* EXERCISE DIRECTIONS
Reproduce the section of the listing that begins at the line containing "سینه مرغ گریل،" and finishes at the line containing "воды, до °C |". Include both end lines and nothing beyond them.

* PROVIDED RECORDS
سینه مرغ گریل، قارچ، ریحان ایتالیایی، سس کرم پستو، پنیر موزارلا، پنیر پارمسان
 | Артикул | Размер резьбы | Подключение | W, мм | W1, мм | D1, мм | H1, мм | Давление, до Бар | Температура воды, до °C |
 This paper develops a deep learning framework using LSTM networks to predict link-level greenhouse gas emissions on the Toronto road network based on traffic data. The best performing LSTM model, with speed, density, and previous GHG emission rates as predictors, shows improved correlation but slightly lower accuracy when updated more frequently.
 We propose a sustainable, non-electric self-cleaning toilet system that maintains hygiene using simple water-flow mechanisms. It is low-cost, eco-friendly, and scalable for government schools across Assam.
==
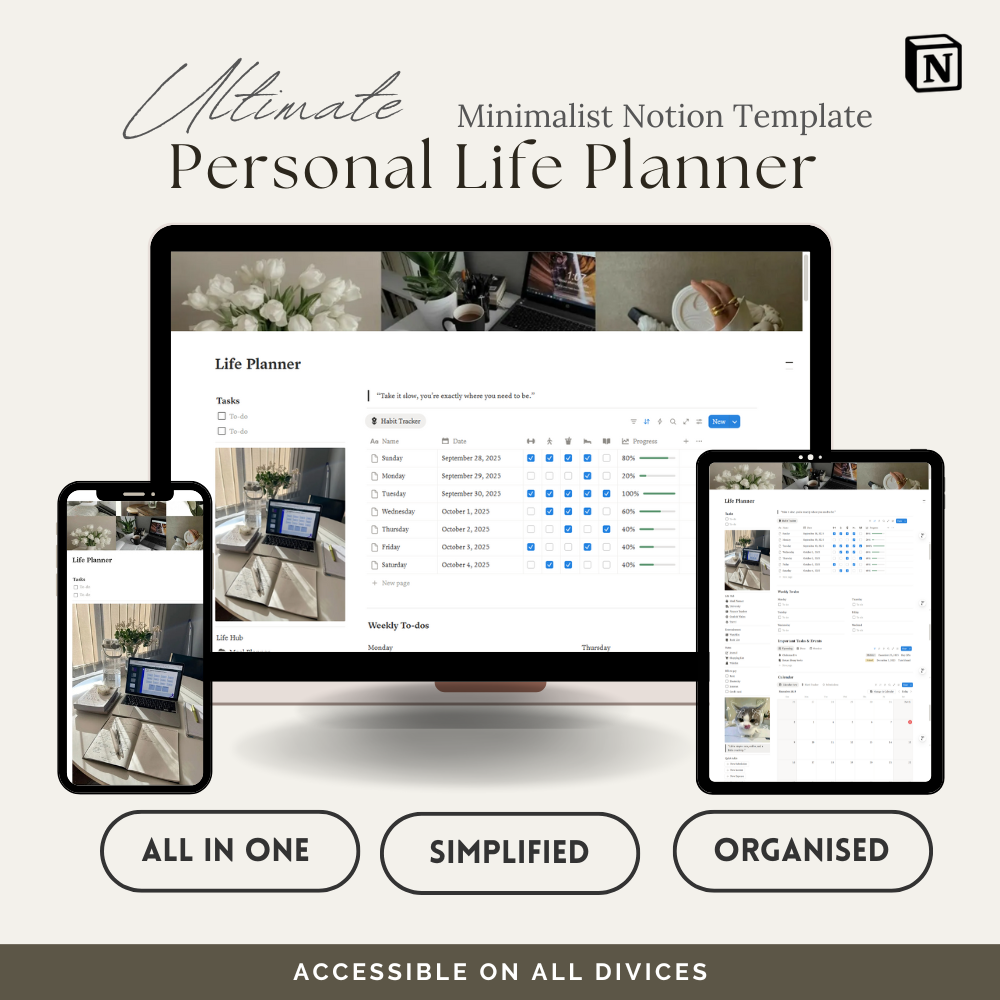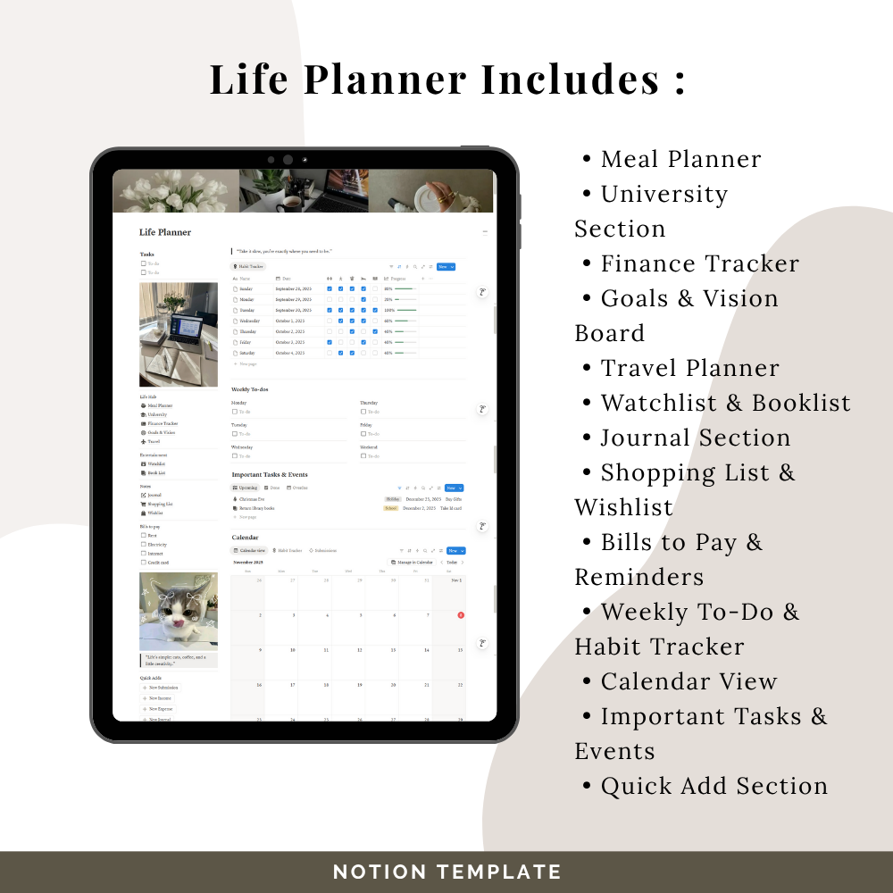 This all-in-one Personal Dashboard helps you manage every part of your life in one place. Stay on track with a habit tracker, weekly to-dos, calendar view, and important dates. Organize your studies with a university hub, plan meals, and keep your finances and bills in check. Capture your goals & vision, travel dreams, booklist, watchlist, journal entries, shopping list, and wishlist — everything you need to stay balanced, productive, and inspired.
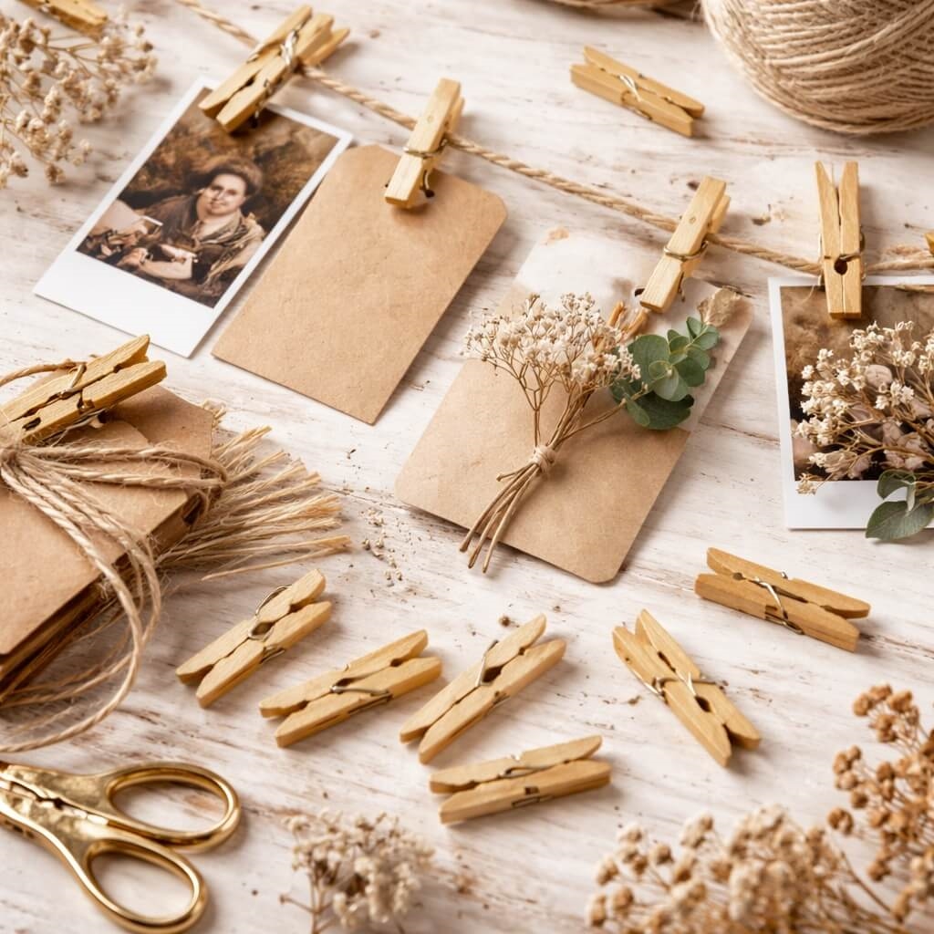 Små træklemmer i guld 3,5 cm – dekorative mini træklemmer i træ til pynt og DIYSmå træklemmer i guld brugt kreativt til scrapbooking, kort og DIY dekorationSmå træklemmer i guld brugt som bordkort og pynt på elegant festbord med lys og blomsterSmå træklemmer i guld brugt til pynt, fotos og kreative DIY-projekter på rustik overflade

* WRITTEN ANSWER
سینه مرغ گریل، قارچ، ریحان ایتالیایی، سس کرم پستو، پنیر موزارلا، پنیر پارمسان
 | Артикул | Размер резьбы | Подключение | W, мм | W1, мм | D1, мм | H1, мм | Давление, до Бар | Температура воды, до °C |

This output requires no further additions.